Data for analysis

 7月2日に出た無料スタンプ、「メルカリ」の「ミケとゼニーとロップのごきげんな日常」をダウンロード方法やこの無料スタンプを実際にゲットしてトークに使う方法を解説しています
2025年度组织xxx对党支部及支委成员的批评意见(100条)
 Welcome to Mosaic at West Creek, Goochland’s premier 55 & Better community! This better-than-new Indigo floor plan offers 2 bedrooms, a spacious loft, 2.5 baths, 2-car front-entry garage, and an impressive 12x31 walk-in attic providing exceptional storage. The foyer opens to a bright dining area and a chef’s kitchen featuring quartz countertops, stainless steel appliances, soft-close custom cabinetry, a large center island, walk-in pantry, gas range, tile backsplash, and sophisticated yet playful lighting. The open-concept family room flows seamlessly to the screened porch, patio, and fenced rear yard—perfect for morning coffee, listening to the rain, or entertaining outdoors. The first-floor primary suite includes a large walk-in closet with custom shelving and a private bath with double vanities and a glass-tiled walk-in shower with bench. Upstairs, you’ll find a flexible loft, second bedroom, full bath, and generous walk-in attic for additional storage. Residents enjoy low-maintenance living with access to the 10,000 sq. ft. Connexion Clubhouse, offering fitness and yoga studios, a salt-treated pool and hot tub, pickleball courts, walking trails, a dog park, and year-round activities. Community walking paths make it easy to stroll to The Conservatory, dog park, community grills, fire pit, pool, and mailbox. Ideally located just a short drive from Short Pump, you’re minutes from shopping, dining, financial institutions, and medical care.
---
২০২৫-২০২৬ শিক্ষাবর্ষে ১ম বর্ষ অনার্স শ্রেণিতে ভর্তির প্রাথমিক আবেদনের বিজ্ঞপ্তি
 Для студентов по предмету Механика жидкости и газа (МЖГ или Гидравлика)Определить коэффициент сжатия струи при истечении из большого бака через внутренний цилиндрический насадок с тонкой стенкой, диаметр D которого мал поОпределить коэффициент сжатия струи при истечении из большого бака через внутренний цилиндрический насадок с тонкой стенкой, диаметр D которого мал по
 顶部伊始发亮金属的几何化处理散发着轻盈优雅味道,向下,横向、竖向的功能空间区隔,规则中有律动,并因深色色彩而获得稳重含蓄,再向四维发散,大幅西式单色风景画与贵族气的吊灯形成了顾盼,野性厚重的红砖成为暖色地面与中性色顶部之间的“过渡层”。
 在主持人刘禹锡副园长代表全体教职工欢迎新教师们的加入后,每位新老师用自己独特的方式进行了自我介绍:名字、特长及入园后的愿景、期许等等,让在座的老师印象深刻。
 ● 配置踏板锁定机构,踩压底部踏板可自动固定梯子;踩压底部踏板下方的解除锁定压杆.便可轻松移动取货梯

Task brief
From the data above, output exactly the lines between the one containing "7月2日に出た無料スタンプ、" and the one containing "2025年度组织xxx对党支部及支委成员的批评意见(100条)", counting both of them.

Answer to this task
 7月2日に出た無料スタンプ、「メルカリ」の「ミケとゼニーとロップのごきげんな日常」をダウンロード方法やこの無料スタンプを実際にゲットしてトークに使う方法を解説しています
2025年度组织xxx对党支部及支委成员的批评意见(100条)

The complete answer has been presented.